**WORK TO COMPLETE:**
Give the data again exactly as it is written.

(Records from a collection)
------------------------------------
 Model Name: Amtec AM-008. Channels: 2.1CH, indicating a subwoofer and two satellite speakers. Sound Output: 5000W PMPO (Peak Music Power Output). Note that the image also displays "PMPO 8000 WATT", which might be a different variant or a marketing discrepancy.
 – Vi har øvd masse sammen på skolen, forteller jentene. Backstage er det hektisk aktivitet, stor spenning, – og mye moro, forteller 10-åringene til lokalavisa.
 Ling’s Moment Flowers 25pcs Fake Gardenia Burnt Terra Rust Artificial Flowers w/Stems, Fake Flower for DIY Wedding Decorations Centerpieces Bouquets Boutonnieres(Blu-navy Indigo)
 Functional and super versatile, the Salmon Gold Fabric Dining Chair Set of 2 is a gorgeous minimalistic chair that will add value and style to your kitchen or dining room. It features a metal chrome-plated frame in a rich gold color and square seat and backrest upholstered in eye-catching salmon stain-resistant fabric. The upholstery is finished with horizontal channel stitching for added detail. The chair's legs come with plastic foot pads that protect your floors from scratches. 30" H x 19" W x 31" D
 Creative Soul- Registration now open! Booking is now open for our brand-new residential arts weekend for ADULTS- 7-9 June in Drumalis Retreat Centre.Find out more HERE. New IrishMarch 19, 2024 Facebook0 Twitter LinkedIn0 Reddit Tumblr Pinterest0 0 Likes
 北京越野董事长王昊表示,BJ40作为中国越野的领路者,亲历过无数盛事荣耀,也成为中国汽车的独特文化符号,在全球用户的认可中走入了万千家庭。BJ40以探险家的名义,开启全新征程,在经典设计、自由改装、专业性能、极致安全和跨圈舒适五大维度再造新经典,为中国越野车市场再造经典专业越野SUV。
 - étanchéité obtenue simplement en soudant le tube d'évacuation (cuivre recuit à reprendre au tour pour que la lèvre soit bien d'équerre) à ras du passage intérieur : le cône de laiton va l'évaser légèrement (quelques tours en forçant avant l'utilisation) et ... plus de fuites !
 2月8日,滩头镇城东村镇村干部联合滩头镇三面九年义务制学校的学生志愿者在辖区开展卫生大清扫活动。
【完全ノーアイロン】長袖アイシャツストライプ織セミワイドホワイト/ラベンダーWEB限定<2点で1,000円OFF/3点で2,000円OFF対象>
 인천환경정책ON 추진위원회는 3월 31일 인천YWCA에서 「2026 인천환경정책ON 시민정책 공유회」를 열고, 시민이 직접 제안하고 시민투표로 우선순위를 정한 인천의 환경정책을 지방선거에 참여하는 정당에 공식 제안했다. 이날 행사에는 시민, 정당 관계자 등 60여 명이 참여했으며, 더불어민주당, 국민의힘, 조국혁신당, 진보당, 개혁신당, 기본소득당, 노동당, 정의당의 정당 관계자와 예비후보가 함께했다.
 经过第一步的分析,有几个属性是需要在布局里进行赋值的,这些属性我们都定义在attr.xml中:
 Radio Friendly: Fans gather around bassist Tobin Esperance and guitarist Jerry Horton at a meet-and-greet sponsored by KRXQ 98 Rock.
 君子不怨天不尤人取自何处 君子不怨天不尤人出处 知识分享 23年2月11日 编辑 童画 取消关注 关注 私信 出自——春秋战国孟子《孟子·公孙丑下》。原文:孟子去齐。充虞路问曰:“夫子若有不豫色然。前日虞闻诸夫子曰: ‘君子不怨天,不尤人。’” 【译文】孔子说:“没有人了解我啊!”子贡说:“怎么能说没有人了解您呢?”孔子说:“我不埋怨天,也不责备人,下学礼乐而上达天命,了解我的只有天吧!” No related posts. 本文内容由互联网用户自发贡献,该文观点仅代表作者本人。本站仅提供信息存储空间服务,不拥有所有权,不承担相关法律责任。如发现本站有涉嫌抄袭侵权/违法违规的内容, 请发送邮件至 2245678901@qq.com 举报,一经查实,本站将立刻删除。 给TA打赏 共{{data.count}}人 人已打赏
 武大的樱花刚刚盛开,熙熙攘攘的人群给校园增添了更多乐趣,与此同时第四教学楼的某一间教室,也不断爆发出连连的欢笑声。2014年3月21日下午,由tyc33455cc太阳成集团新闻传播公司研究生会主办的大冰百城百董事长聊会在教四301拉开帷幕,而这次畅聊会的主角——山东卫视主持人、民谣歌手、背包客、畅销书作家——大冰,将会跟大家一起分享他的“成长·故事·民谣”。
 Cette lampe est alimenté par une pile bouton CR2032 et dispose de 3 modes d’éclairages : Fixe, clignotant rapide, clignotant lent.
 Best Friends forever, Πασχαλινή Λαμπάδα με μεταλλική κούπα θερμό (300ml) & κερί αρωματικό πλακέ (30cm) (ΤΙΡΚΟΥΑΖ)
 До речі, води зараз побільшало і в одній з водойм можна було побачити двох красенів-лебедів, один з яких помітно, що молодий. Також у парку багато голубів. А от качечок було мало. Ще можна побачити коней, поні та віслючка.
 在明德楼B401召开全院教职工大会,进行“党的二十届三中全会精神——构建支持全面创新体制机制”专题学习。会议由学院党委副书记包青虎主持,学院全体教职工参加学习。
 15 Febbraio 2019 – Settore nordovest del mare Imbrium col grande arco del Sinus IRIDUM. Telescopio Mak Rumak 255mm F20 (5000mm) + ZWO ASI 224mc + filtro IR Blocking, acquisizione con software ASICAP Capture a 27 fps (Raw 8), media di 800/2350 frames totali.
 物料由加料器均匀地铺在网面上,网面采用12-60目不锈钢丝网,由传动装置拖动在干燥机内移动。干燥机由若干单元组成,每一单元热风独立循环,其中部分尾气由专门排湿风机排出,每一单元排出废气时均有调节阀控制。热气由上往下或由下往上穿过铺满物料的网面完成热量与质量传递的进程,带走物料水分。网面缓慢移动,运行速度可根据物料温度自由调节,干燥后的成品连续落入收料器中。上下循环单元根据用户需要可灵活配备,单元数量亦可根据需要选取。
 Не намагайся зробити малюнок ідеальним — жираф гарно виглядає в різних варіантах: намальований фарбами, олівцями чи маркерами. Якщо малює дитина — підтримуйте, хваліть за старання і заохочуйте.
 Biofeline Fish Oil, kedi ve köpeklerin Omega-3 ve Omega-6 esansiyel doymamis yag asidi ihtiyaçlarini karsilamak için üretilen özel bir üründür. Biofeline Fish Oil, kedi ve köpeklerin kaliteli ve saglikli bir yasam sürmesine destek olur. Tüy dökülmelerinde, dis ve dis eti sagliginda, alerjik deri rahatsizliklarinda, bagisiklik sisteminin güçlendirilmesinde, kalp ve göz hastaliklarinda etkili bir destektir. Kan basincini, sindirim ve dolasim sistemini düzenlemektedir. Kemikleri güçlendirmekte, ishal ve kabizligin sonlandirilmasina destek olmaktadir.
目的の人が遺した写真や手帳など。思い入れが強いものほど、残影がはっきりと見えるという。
------------------------------------
**EXERCISE RESULT:**
 Model Name: Amtec AM-008. Channels: 2.1CH, indicating a subwoofer and two satellite speakers. Sound Output: 5000W PMPO (Peak Music Power Output). Note that the image also displays "PMPO 8000 WATT", which might be a different variant or a marketing discrepancy.
 – Vi har øvd masse sammen på skolen, forteller jentene. Backstage er det hektisk aktivitet, stor spenning, – og mye moro, forteller 10-åringene til lokalavisa.
 Ling’s Moment Flowers 25pcs Fake Gardenia Burnt Terra Rust Artificial Flowers w/Stems, Fake Flower for DIY Wedding Decorations Centerpieces Bouquets Boutonnieres(Blu-navy Indigo)
 Functional and super versatile, the Salmon Gold Fabric Dining Chair Set of 2 is a gorgeous minimalistic chair that will add value and style to your kitchen or dining room. It features a metal chrome-plated frame in a rich gold color and square seat and backrest upholstered in eye-catching salmon stain-resistant fabric. The upholstery is finished with horizontal channel stitching for added detail. The chair's legs come with plastic foot pads that protect your floors from scratches. 30" H x 19" W x 31" D
 Creative Soul- Registration now open! Booking is now open for our brand-new residential arts weekend for ADULTS- 7-9 June in Drumalis Retreat Centre.Find out more HERE. New IrishMarch 19, 2024 Facebook0 Twitter LinkedIn0 Reddit Tumblr Pinterest0 0 Likes
 北京越野董事长王昊表示,BJ40作为中国越野的领路者,亲历过无数盛事荣耀,也成为中国汽车的独特文化符号,在全球用户的认可中走入了万千家庭。BJ40以探险家的名义,开启全新征程,在经典设计、自由改装、专业性能、极致安全和跨圈舒适五大维度再造新经典,为中国越野车市场再造经典专业越野SUV。
 - étanchéité obtenue simplement en soudant le tube d'évacuation (cuivre recuit à reprendre au tour pour que la lèvre soit bien d'équerre) à ras du passage intérieur : le cône de laiton va l'évaser légèrement (quelques tours en forçant avant l'utilisation) et ... plus de fuites !
 2月8日,滩头镇城东村镇村干部联合滩头镇三面九年义务制学校的学生志愿者在辖区开展卫生大清扫活动。
【完全ノーアイロン】長袖アイシャツストライプ織セミワイドホワイト/ラベンダーWEB限定<2点で1,000円OFF/3点で2,000円OFF対象>
 인천환경정책ON 추진위원회는 3월 31일 인천YWCA에서 「2026 인천환경정책ON 시민정책 공유회」를 열고, 시민이 직접 제안하고 시민투표로 우선순위를 정한 인천의 환경정책을 지방선거에 참여하는 정당에 공식 제안했다. 이날 행사에는 시민, 정당 관계자 등 60여 명이 참여했으며, 더불어민주당, 국민의힘, 조국혁신당, 진보당, 개혁신당, 기본소득당, 노동당, 정의당의 정당 관계자와 예비후보가 함께했다.
 经过第一步的分析,有几个属性是需要在布局里进行赋值的,这些属性我们都定义在attr.xml中:
 Radio Friendly: Fans gather around bassist Tobin Esperance and guitarist Jerry Horton at a meet-and-greet sponsored by KRXQ 98 Rock.
 君子不怨天不尤人取自何处 君子不怨天不尤人出处 知识分享 23年2月11日 编辑 童画 取消关注 关注 私信 出自——春秋战国孟子《孟子·公孙丑下》。原文:孟子去齐。充虞路问曰:“夫子若有不豫色然。前日虞闻诸夫子曰: ‘君子不怨天,不尤人。’” 【译文】孔子说:“没有人了解我啊!”子贡说:“怎么能说没有人了解您呢?”孔子说:“我不埋怨天,也不责备人,下学礼乐而上达天命,了解我的只有天吧!” No related posts. 本文内容由互联网用户自发贡献,该文观点仅代表作者本人。本站仅提供信息存储空间服务,不拥有所有权,不承担相关法律责任。如发现本站有涉嫌抄袭侵权/违法违规的内容, 请发送邮件至 2245678901@qq.com 举报,一经查实,本站将立刻删除。 给TA打赏 共{{data.count}}人 人已打赏
 武大的樱花刚刚盛开,熙熙攘攘的人群给校园增添了更多乐趣,与此同时第四教学楼的某一间教室,也不断爆发出连连的欢笑声。2014年3月21日下午,由tyc33455cc太阳成集团新闻传播公司研究生会主办的大冰百城百董事长聊会在教四301拉开帷幕,而这次畅聊会的主角——山东卫视主持人、民谣歌手、背包客、畅销书作家——大冰,将会跟大家一起分享他的“成长·故事·民谣”。
 Cette lampe est alimenté par une pile bouton CR2032 et dispose de 3 modes d’éclairages : Fixe, clignotant rapide, clignotant lent.
 Best Friends forever, Πασχαλινή Λαμπάδα με μεταλλική κούπα θερμό (300ml) & κερί αρωματικό πλακέ (30cm) (ΤΙΡΚΟΥΑΖ)
 До речі, води зараз побільшало і в одній з водойм можна було побачити двох красенів-лебедів, один з яких помітно, що молодий. Також у парку багато голубів. А от качечок було мало. Ще можна побачити коней, поні та віслючка.
 在明德楼B401召开全院教职工大会,进行“党的二十届三中全会精神——构建支持全面创新体制机制”专题学习。会议由学院党委副书记包青虎主持,学院全体教职工参加学习。
 15 Febbraio 2019 – Settore nordovest del mare Imbrium col grande arco del Sinus IRIDUM. Telescopio Mak Rumak 255mm F20 (5000mm) + ZWO ASI 224mc + filtro IR Blocking, acquisizione con software ASICAP Capture a 27 fps (Raw 8), media di 800/2350 frames totali.
 物料由加料器均匀地铺在网面上,网面采用12-60目不锈钢丝网,由传动装置拖动在干燥机内移动。干燥机由若干单元组成,每一单元热风独立循环,其中部分尾气由专门排湿风机排出,每一单元排出废气时均有调节阀控制。热气由上往下或由下往上穿过铺满物料的网面完成热量与质量传递的进程,带走物料水分。网面缓慢移动,运行速度可根据物料温度自由调节,干燥后的成品连续落入收料器中。上下循环单元根据用户需要可灵活配备,单元数量亦可根据需要选取。
 Не намагайся зробити малюнок ідеальним — жираф гарно виглядає в різних варіантах: намальований фарбами, олівцями чи маркерами. Якщо малює дитина — підтримуйте, хваліть за старання і заохочуйте.
 Biofeline Fish Oil, kedi ve köpeklerin Omega-3 ve Omega-6 esansiyel doymamis yag asidi ihtiyaçlarini karsilamak için üretilen özel bir üründür. Biofeline Fish Oil, kedi ve köpeklerin kaliteli ve saglikli bir yasam sürmesine destek olur. Tüy dökülmelerinde, dis ve dis eti sagliginda, alerjik deri rahatsizliklarinda, bagisiklik sisteminin güçlendirilmesinde, kalp ve göz hastaliklarinda etkili bir destektir. Kan basincini, sindirim ve dolasim sistemini düzenlemektedir. Kemikleri güçlendirmekte, ishal ve kabizligin sonlandirilmasina destek olmaktadir.
目的の人が遺した写真や手帳など。思い入れが強いものほど、残影がはっきりと見えるという。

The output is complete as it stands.